Exercise aim
With the line containing "Bolso con tres" as the final line, restate exactly every line of the data below from the first one onward, and copy no pictures.

*** Provided information ***

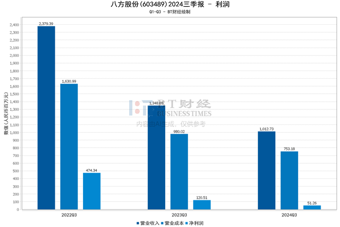 综上所述,八方股份在2024年第三季度面临着严峻的市场挑战,导致营业收入和净利润大幅下滑。尽管公司在资产负债管理方面有所改善,但整体财务表现仍需进一步提升。未来,公司或需加强市场拓展和成本控制,以应对市场环境的变化。
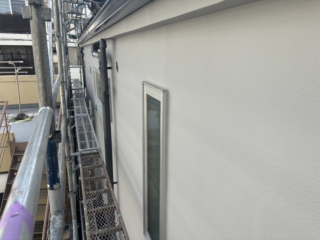 外壁仕上げ塗り作業後
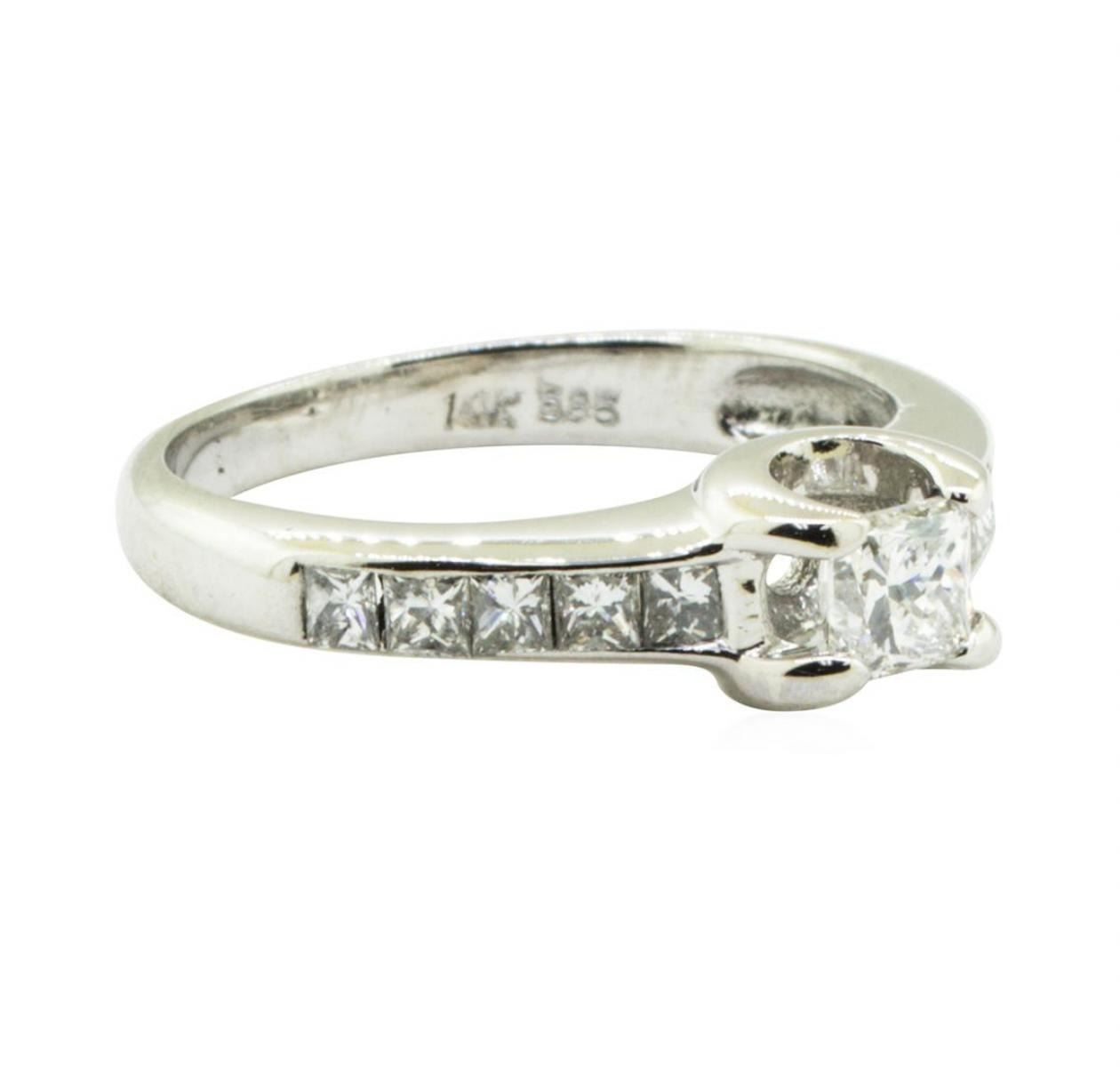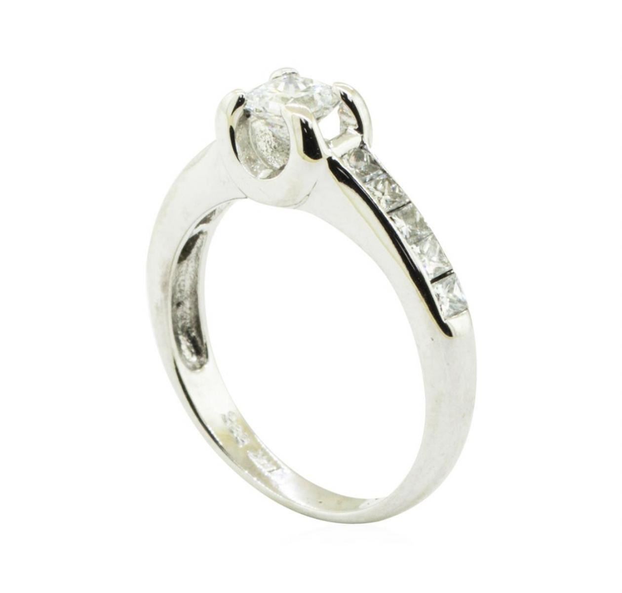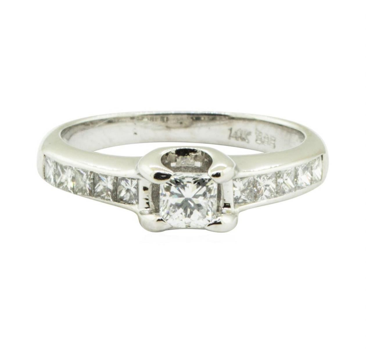 One ring featuring: 14KT white gold weighing 3.0 grams containing one center diamond weighing 0.30 ct and side diamonds weighing 0.50 ctw
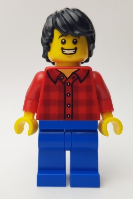 Dragon Boat Race Spectator - Male, Red Plaid Flannel Shirt, Blue Legs, Black Tousled Hair |
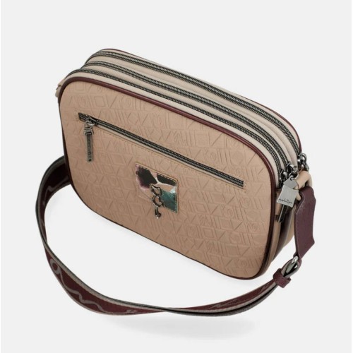 Bolso con tres compartimentos que cierran con cremallera, ideal para tener todo organizado.
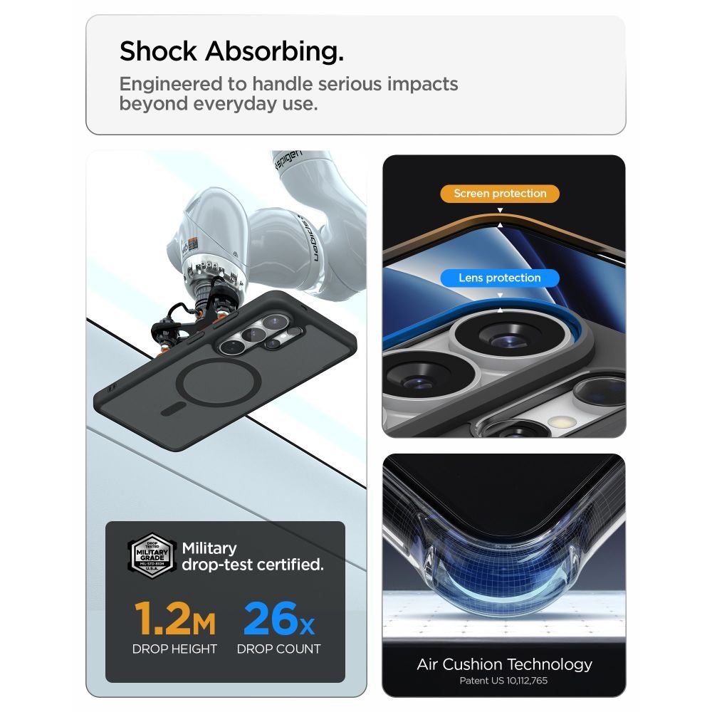 Telefono dėklas Galaxy S26 Ultra hibridinis (TPU+PC) suteikia efektyvią apsaugą nesluošiant telefono dizaino — kieta nugarėlė kartu su lankstesne rėmine dalimi amortizuoja smūgius. Dėl sustiprintų kampų su oro pagalvėlėmis ir pakeltų briaunų ekrano ir kameros paviršiai mažiau liečia lygius paviršius. Spigen įrengė magnetinį žiedą, suderinamą su MagSafe įkrovimu.

***

Response
 综上所述,八方股份在2024年第三季度面临着严峻的市场挑战,导致营业收入和净利润大幅下滑。尽管公司在资产负债管理方面有所改善,但整体财务表现仍需进一步提升。未来,公司或需加强市场拓展和成本控制,以应对市场环境的变化。
 外壁仕上げ塗り作業後
 One ring featuring: 14KT white gold weighing 3.0 grams containing one center diamond weighing 0.30 ct and side diamonds weighing 0.50 ctw
 Dragon Boat Race Spectator - Male, Red Plaid Flannel Shirt, Blue Legs, Black Tousled Hair |
 Bolso con tres compartimentos que cierran con cremallera, ideal para tener todo organizado.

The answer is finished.